Lindsey Collen poursuit en expliquant que les prix du sucre, du textile, des produits touristiques et des billets d’avions sont grandement tributaires de l’euro. Une monnaie qui perd de la valeur tandis que le dollar s’apprécie vis-à-vis de la monnaie européenne. En raison de cette crise dans la Zone Euro, le chômage gagne du terrain en Europe, avec pour conséquence un ralentissement dans la vente des produits que propose Maurice.

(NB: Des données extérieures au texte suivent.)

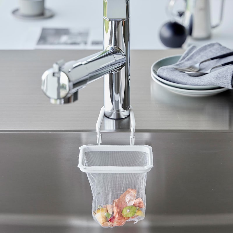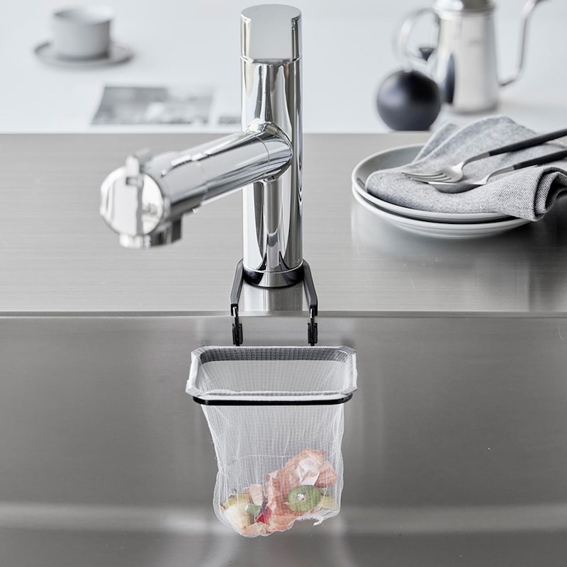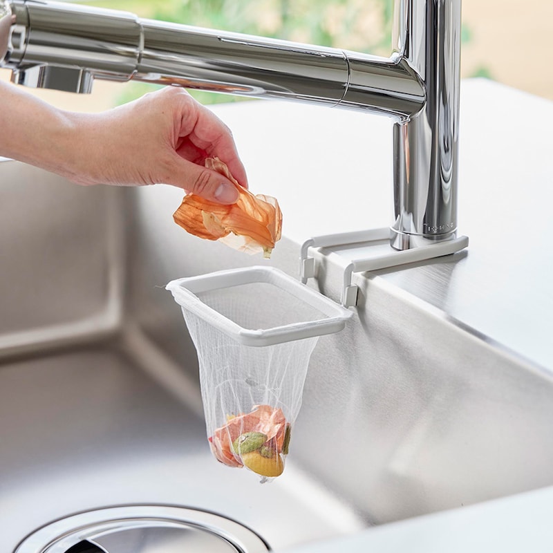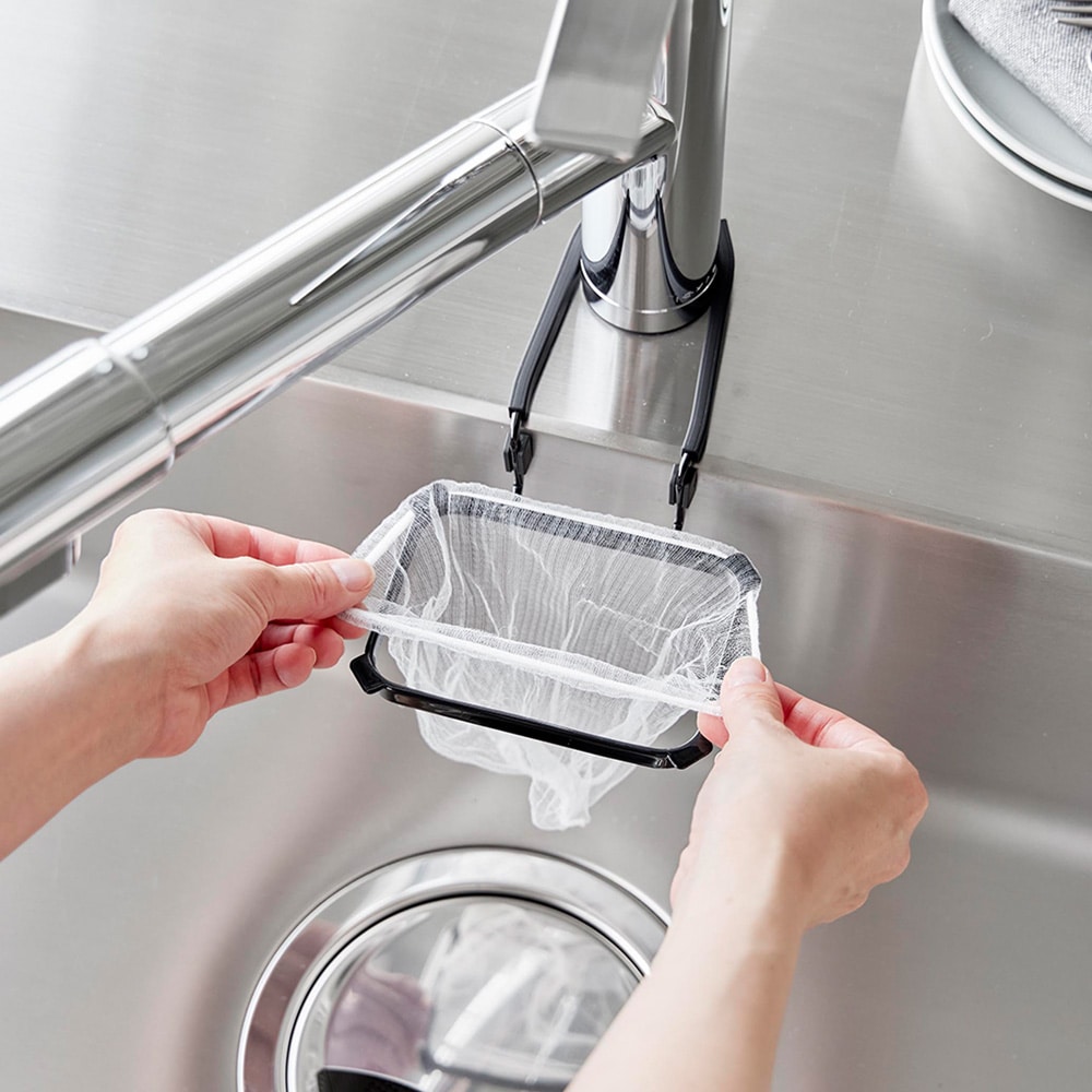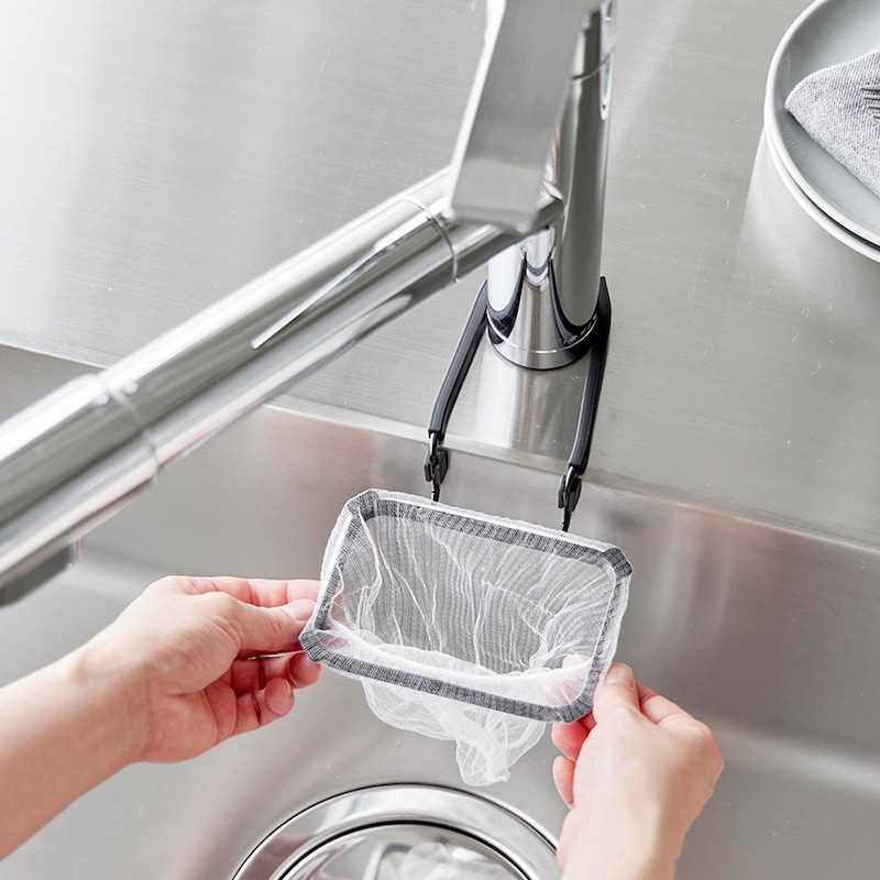 • 蛇口に挟むだけ。シンクを汚さない水切りネットホルダー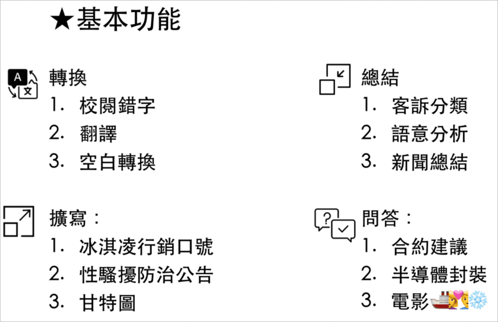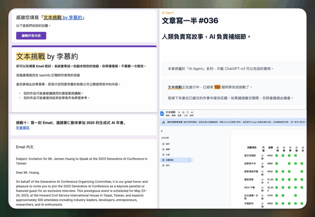 1. 題目設計得很貼近日常生活,從簡單的校稿、翻譯,到比較進階的「撰寫黃仁勳邀請信」,每一題都考驗不同情境對 prompt 的使用判斷。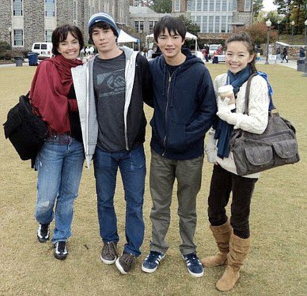 Her er et bilde av Donna Chen (venstre) med sine barn.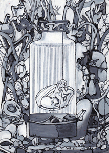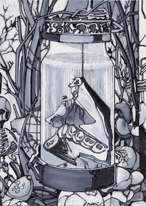 2016Tekening gebaseerd op een preparaat van de Nederlandse anatoom, zoöloog en botanicus Frederik Ruysch (1638 - 1731). Hij presenteerde zijn preparaten net als de anatomische tekeningen van Andreas Vesalius/ Jan Steven Kalkar als kunstwerken of lugubere composities, waardoor het onderscheid tussen kunst en wetenschap vervaagde.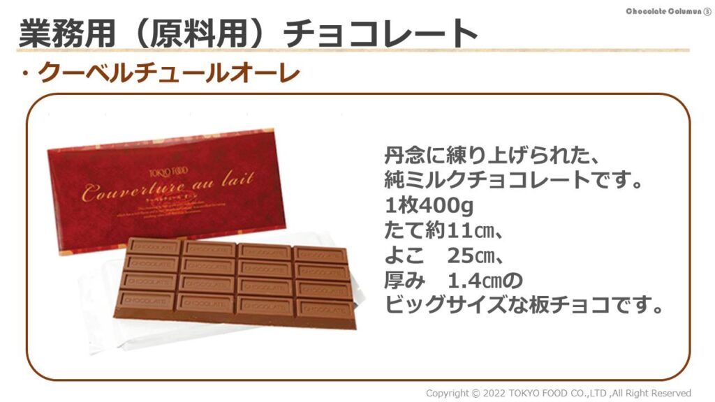 クーベルチュールオーレの製品詳細はこちら※東京フードのホームページに移動します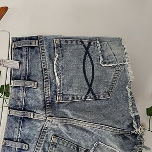 blue denim jeans shorts distressed casual everyday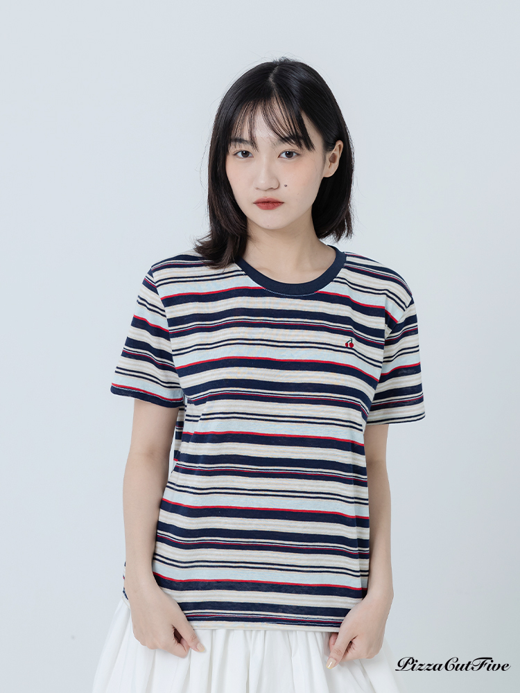 櫻桃條紋短袖T恤 PizzaCutFive PCF262404041

Toujours selon Lindsey Collen, “une crise économique de cette envergure inquiète le patronat qui, dans ce genre de situation, souhaite une coalition afin d’avoir un pouvoir fort pour contenir la masse des travailleurs quand la pression montera dans le sillage du chômage et de l’emploi précaire”. Elle soutient que différentes sections du patronat veulent soit une coalition MSM/MMM, soit une coalition Ptr/MMM. D’où les différents moves. Elle note que ces éventuels rapprochements sont perçus comme une solution pour la bourgeoisie, mais pas pour le peuple.
“Sur le plan politique, afin de favoriser ces rapprochements, les partis qui sont au Parlement parlent de réforme électorale ou de nouvelle République.” Des propositions qui, selon elle, pourraient comporter un agenda caché. Elle note aussi que Navin Ramgoolam a mis Anerood Jugnauth dans une position délicate, car le Président devrait donner lecture du discours-programme Ptr/PMSD. Elle estime que le Premier ministre n’est pas à l’aise dans sa majorité, tandis que Pravind Jugnauth est gêné par l’affaire MedPoint. D’où le principe proposé par Paul Bérenger d’une alliance entre le MMM et le MSM, avec Anerood Jugnauth comme leader, pour renforcer un soutien politique qui, selon Lindsey Collen, s’affaiblit.